Et le Seigneur dit : «Voici, ils sont un seul peuple et ils possèdent une seule langue à eux tous… A présent, rien de ce qu’ils peuvent se proposer de faire ne sera irréalisable pour eux. Descendons et brouillons leur langage, pour qu’ils ne se comprennent plus les uns les autres.»
Le Livre des Morts chrétien Archives de la Mnefmothèque
Entre le moment où les filaments commencèrent à caresser son visage et celui où la navette l’emporta vers Nef, Waela vécut dans un brouillard présent-passé-futur sur lequel elle n’exerçait aucun contrôle. Kerro avait disparu et Thomas n’était pas disponible. C’était à peu près tout ce qu’elle savait. Le contact avec les gyflottes lui avait aussi laissé une voix dans sa tête, qui ne se manifestait que par des explosions d’une exigence totale.
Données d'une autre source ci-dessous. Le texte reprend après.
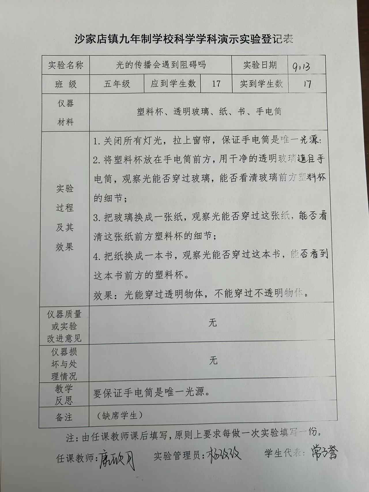 实验登记表
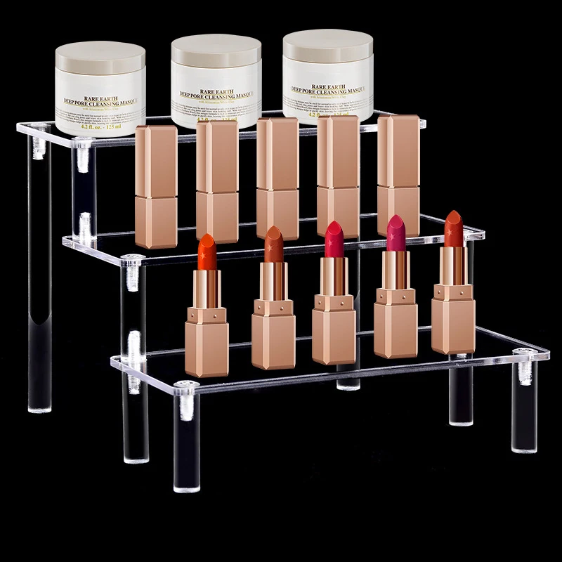Platzprobleme auf deinem Schminktisch oder in der Vitrine? Dieser 3-stufige Acryl-Riser schafft Ordnung und sieht dabei noch mega stylisch aus! \\n\\nIn weniger als einer Minute ist der Ständer zusammengebaut - einfach die Schutzfolie abziehen, die Füße anbringen und fertig. Kein Werkzeug nötig, kein Stress! \\n\\nDie 3mm dicken Acryl-Platten sind super stabil und halten auch schwerere Sachen problemlos aus. Deine Nagellacksammlung, Parfüms oder Deko-Figuren werden endlich ordentlich präsentiert. \\n\\nDurch die transparente Optik lenkt nichts von deinen Sachen ab - alles wirkt sofort hochwertiger und besser organisiert. \\n\\nOb im Badezimmer, Wohnzimmer oder im Retail-Bereich - dieser Ständer ist einfach überall einsetzbar. Sogar für Cupcakes oder Desserts bei der nächsten Party ist er perfekt! \\n\\nEndlich Schluss mit dem Chaos - mit diesem cleveren Organizer findest du alles sofort und deine Lieblingsteile kommen richtig zur Geltung. Einfach genial!

Elle vacillait entre l’acceptation de cette voix et la conviction qu’elle était devenue folle.
La voix de Probité ne lui répondait plus. Elle avait été remplacée par cette voix intruse, qui l’emplissait de la même extase conceptuelle que lorsqu’elle s’était trouvée dans la nacelle.
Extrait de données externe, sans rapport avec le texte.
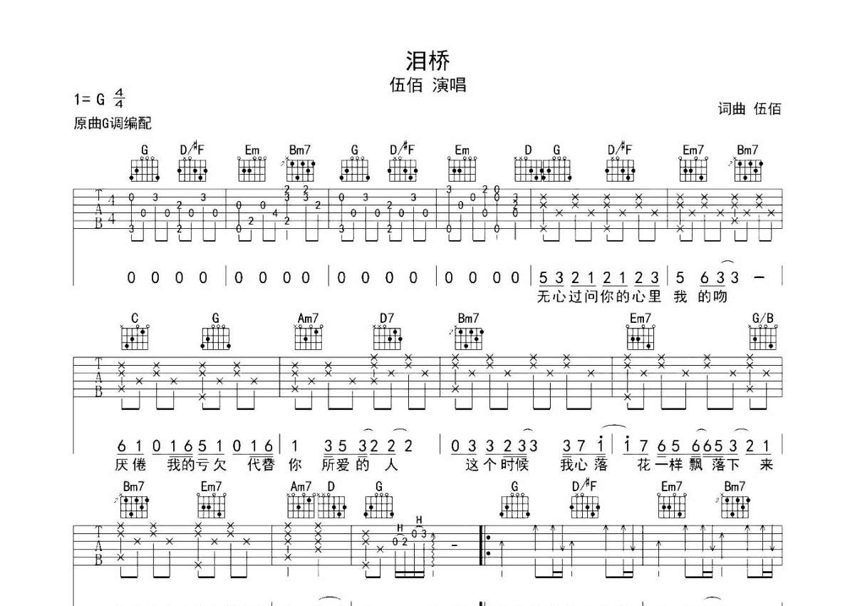 伍佰《泪桥》吉他谱 - G调弹唱六线谱
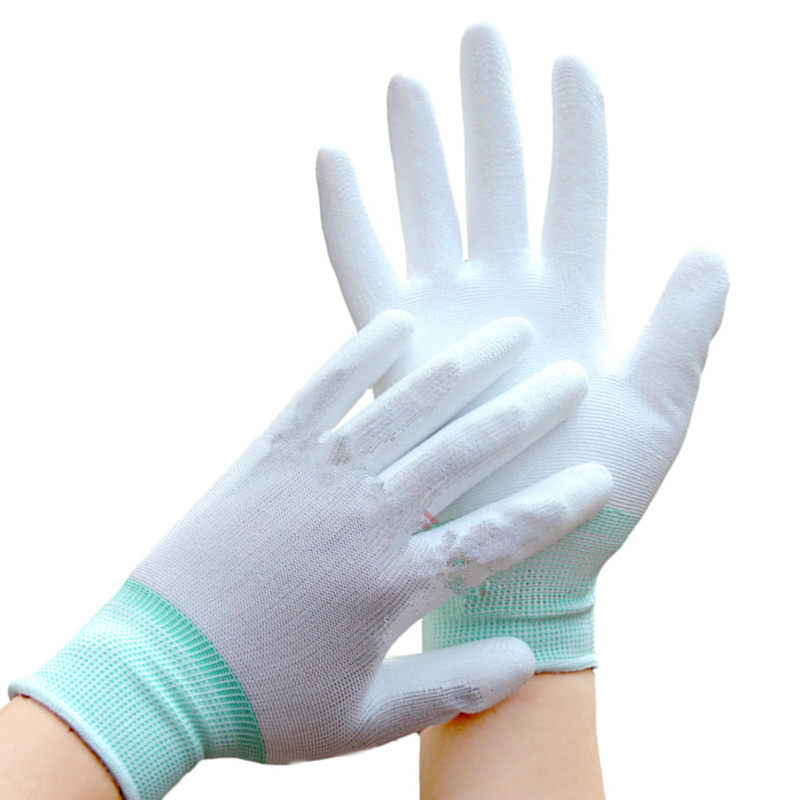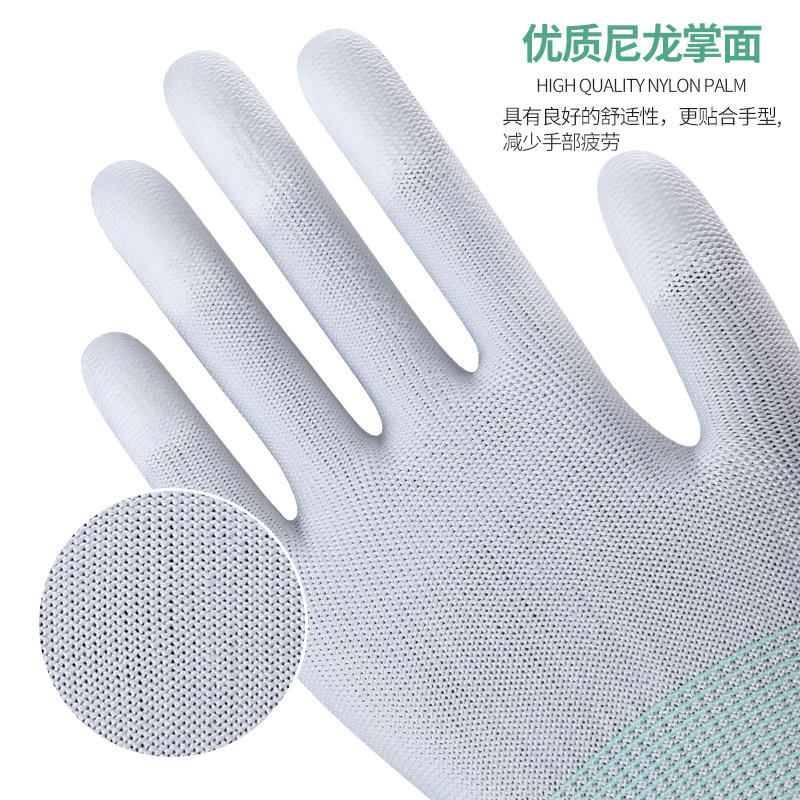 240双尼龙PU防静电涂指涂掌手套劳保工作耐磨防滑带胶防尘手套
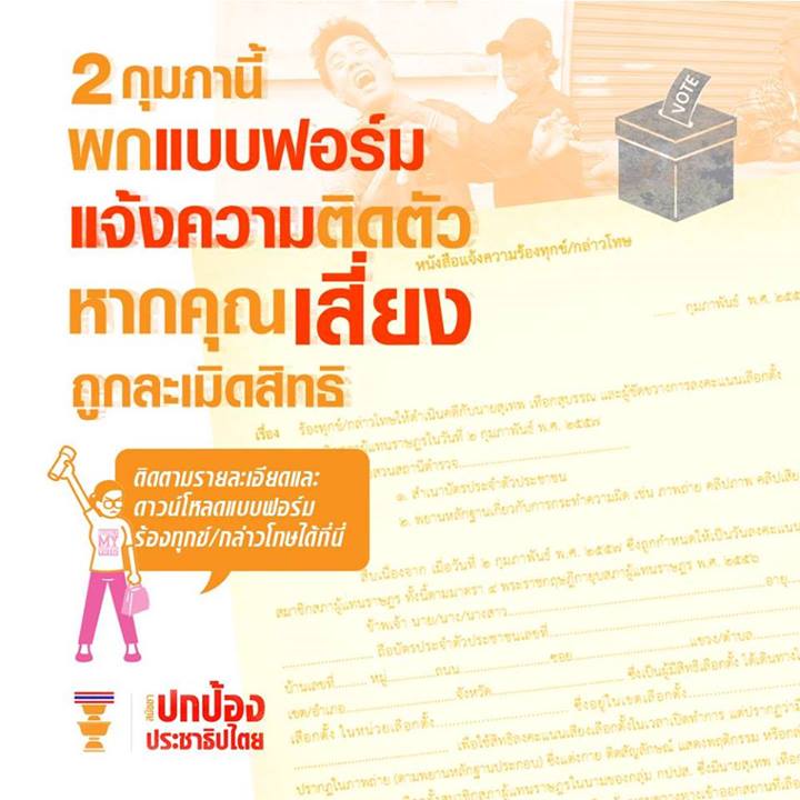 แจ้งความนายสุเทพ เทือกสุบรรณ และผู้ขัดขวางการลงคะแนนเลือกตั้ง >>> http://goo.gl/1RHBwiร่วมกัน SHARE ข้อความนี้ออกไป หากท่านอยู่ในพื้นที่เสี่ยงที่อาจเกิดการพยายามขัดขวางการลงคะแนนเลือกตั้ง พกแบบฟอร์มแจ้งความติดตัว พร้อมดำเนินการหากถูกละเมิดสิทธิในวันเลือกตั้ง 2 กุมภาพันธ์นี้ได้ทันที !
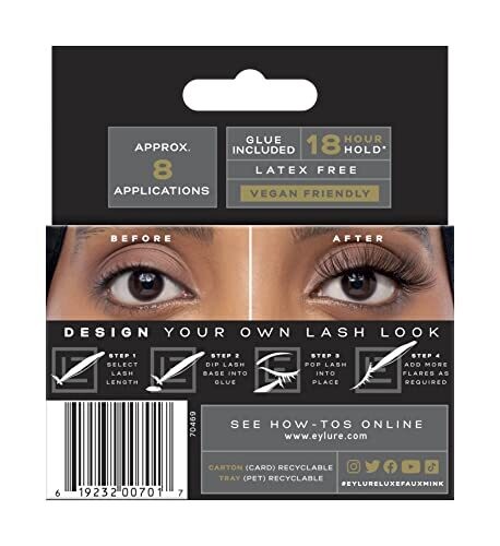 - Eylure Luxe Faux Mink Individual Clusters offer a luxurious, silky lash flare for a lush, customized look.
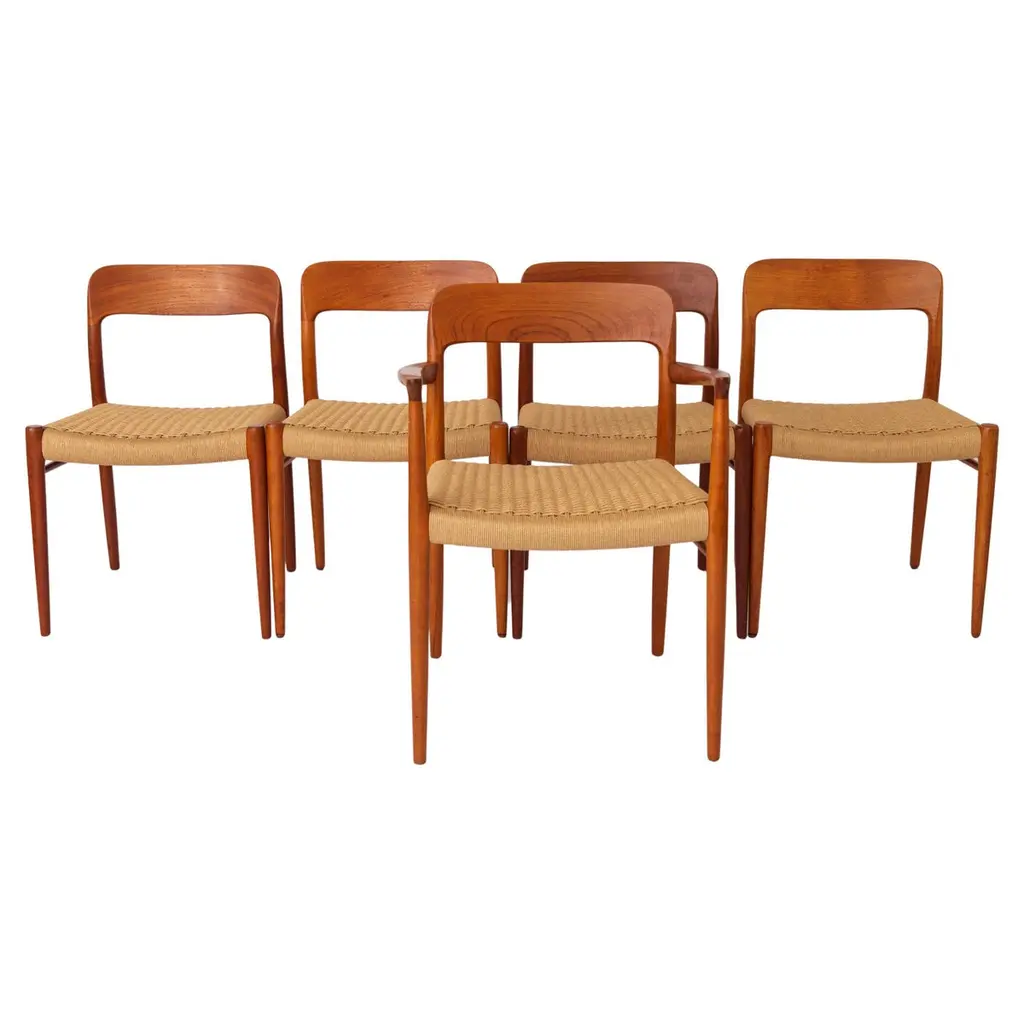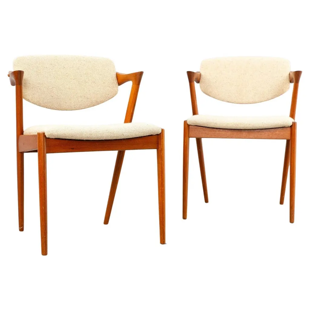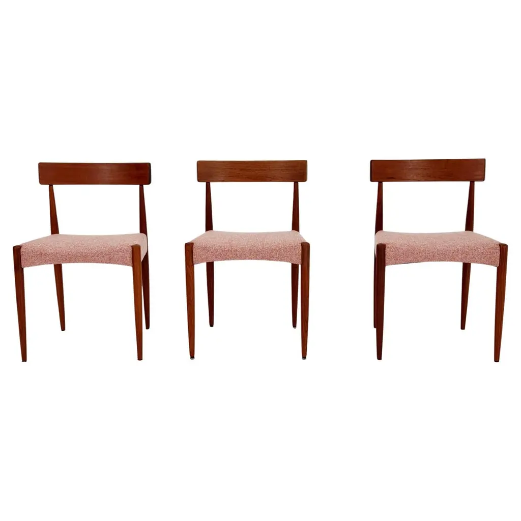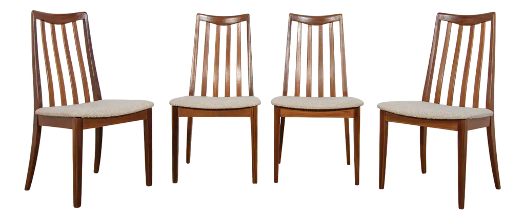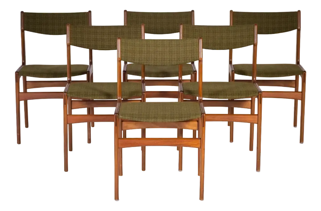 This set of four dining room chairs model 49 in teak was designed by Erik Buch and made by Odense Mobelfabrik in the 1960s. Chairs after a comprehensive carpentry and upholstery renovation. The upholstery interior has been replaced and covered with grey fabric. The teak frame has been cleaned from the old surface and finished with quality Danish oil. I have official proof of authenticity such as vintage catalogs, designer records, or other literature sources and take full responsibility for any authenticity issues arising from misattribution

C’est la manière d’apprendre d’Avata.
La voix ne cessait de répéter cela. Quand Waela posait une question, elle lui répondait, mais dans un jargon déroutant.
Comme l’électricité, humainewaela, la connaissance se propage entre des pôles. Elle charge et active tout ce qu’elle touche. Elle transforme et pénètre ce qui la conduit. Tu es l’un des pôles.
Waela connaissait le sens de chaque mot, mais l’ensemble la rendait perplexe.
Pendant toutes les opérations de sauvetage, et jusqu’à ce que l’appareil les dépose à la Colonie, elle demeura plus ou moins consciente de ce qui se passait. Elle fut séparée de Thomas et conduite au rapport dans un quartier médical où ce fut Louis qui s’occupa d’elle en personne. Surprenant!
C’est alors que la première explosion retentit dans sa tête.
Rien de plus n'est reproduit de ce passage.